- What to produce:
Since the pictures are not wanted, retype the listing below exactly and without them.

- Data to examine:
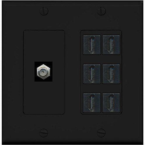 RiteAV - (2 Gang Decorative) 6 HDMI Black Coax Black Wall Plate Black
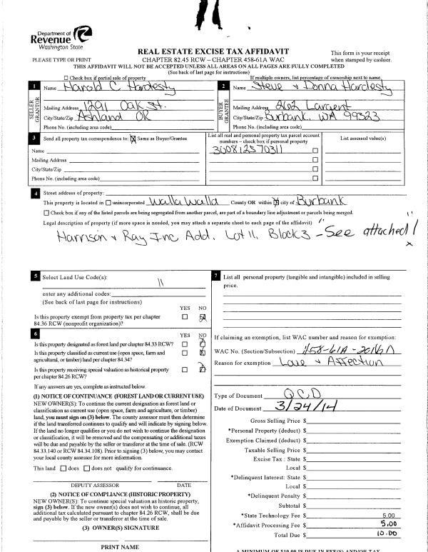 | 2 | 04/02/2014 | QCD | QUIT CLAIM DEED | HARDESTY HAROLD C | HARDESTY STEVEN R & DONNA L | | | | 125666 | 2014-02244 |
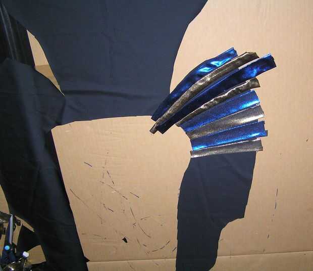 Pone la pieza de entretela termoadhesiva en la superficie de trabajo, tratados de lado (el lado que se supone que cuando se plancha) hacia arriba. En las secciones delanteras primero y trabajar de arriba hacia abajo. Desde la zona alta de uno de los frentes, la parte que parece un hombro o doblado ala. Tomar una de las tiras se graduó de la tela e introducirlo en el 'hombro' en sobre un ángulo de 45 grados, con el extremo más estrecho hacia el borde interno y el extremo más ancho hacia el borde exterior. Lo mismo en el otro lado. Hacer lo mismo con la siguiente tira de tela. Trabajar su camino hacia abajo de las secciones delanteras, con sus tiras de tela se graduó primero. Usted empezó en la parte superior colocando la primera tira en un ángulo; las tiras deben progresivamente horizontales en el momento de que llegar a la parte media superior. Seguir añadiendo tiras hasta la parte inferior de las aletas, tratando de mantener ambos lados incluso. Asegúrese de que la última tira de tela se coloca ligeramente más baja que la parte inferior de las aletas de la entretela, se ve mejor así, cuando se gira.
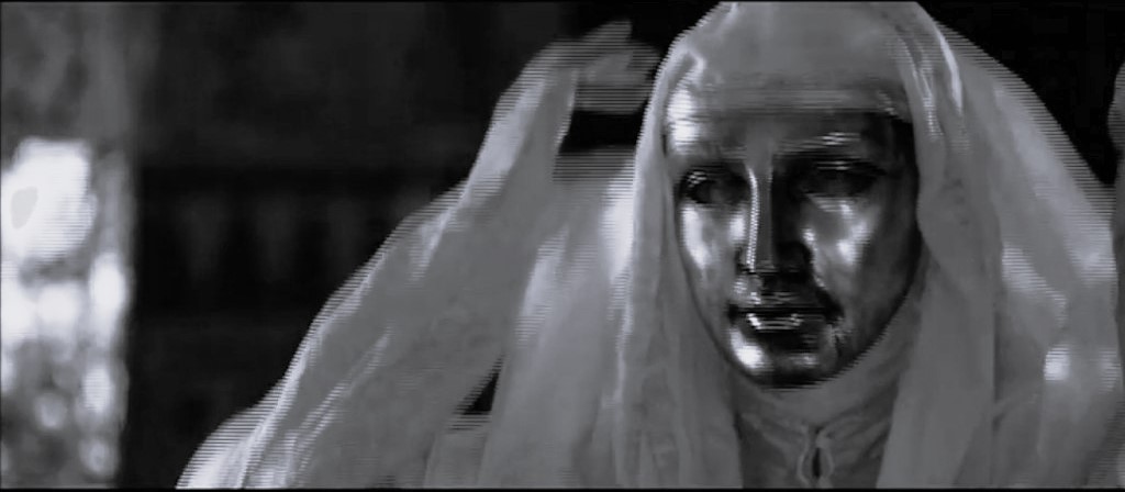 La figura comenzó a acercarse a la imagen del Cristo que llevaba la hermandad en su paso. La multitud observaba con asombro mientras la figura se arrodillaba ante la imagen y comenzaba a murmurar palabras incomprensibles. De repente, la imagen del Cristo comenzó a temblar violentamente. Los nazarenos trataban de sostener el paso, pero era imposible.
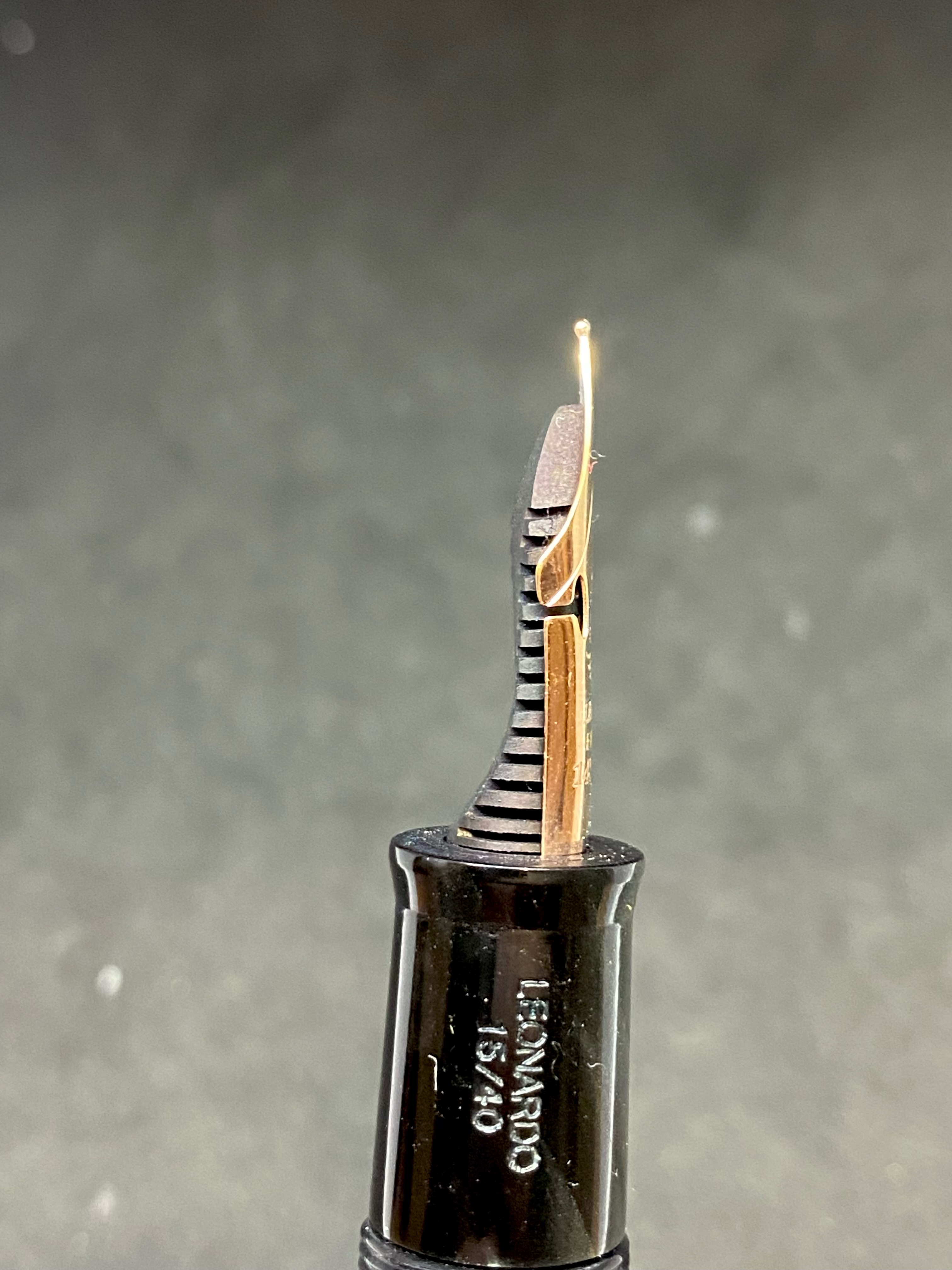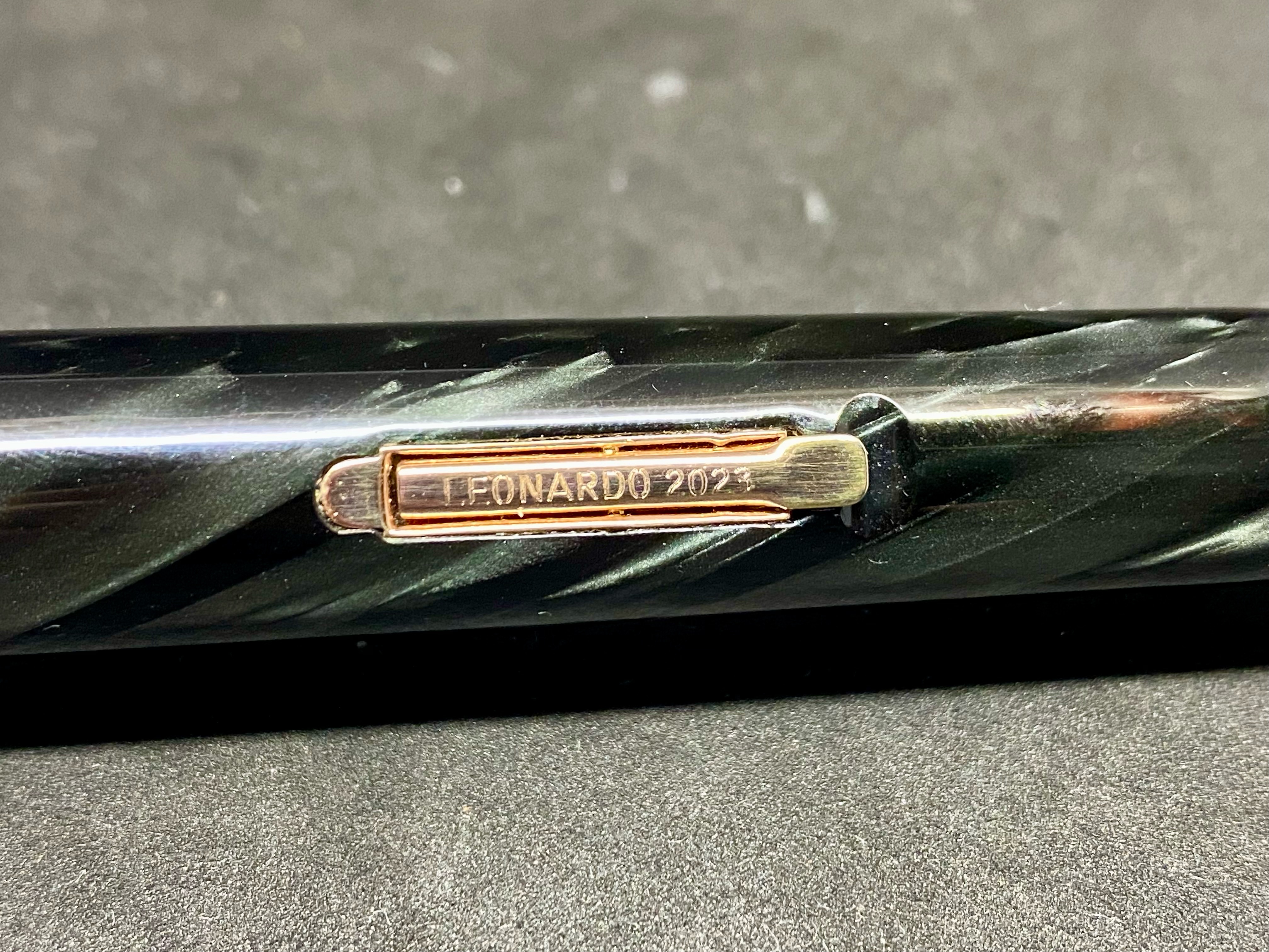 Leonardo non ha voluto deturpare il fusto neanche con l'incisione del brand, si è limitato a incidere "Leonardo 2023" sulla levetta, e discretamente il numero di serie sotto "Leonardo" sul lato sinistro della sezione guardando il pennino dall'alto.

- Worked solution:
 RiteAV - (2 Gang Decorative) 6 HDMI Black Coax Black Wall Plate Black
 | 2 | 04/02/2014 | QCD | QUIT CLAIM DEED | HARDESTY HAROLD C | HARDESTY STEVEN R & DONNA L | | | | 125666 | 2014-02244 |
 Pone la pieza de entretela termoadhesiva en la superficie de trabajo, tratados de lado (el lado que se supone que cuando se plancha) hacia arriba. En las secciones delanteras primero y trabajar de arriba hacia abajo. Desde la zona alta de uno de los frentes, la parte que parece un hombro o doblado ala. Tomar una de las tiras se graduó de la tela e introducirlo en el 'hombro' en sobre un ángulo de 45 grados, con el extremo más estrecho hacia el borde interno y el extremo más ancho hacia el borde exterior. Lo mismo en el otro lado. Hacer lo mismo con la siguiente tira de tela. Trabajar su camino hacia abajo de las secciones delanteras, con sus tiras de tela se graduó primero. Usted empezó en la parte superior colocando la primera tira en un ángulo; las tiras deben progresivamente horizontales en el momento de que llegar a la parte media superior. Seguir añadiendo tiras hasta la parte inferior de las aletas, tratando de mantener ambos lados incluso. Asegúrese de que la última tira de tela se coloca ligeramente más baja que la parte inferior de las aletas de la entretela, se ve mejor así, cuando se gira.
 La figura comenzó a acercarse a la imagen del Cristo que llevaba la hermandad en su paso. La multitud observaba con asombro mientras la figura se arrodillaba ante la imagen y comenzaba a murmurar palabras incomprensibles. De repente, la imagen del Cristo comenzó a temblar violentamente. Los nazarenos trataban de sostener el paso, pero era imposible.
 Leonardo non ha voluto deturpare il fusto neanche con l'incisione del brand, si è limitato a incidere "Leonardo 2023" sulla levetta, e discretamente il numero di serie sotto "Leonardo" sul lato sinistro della sezione guardando il pennino dall'alto.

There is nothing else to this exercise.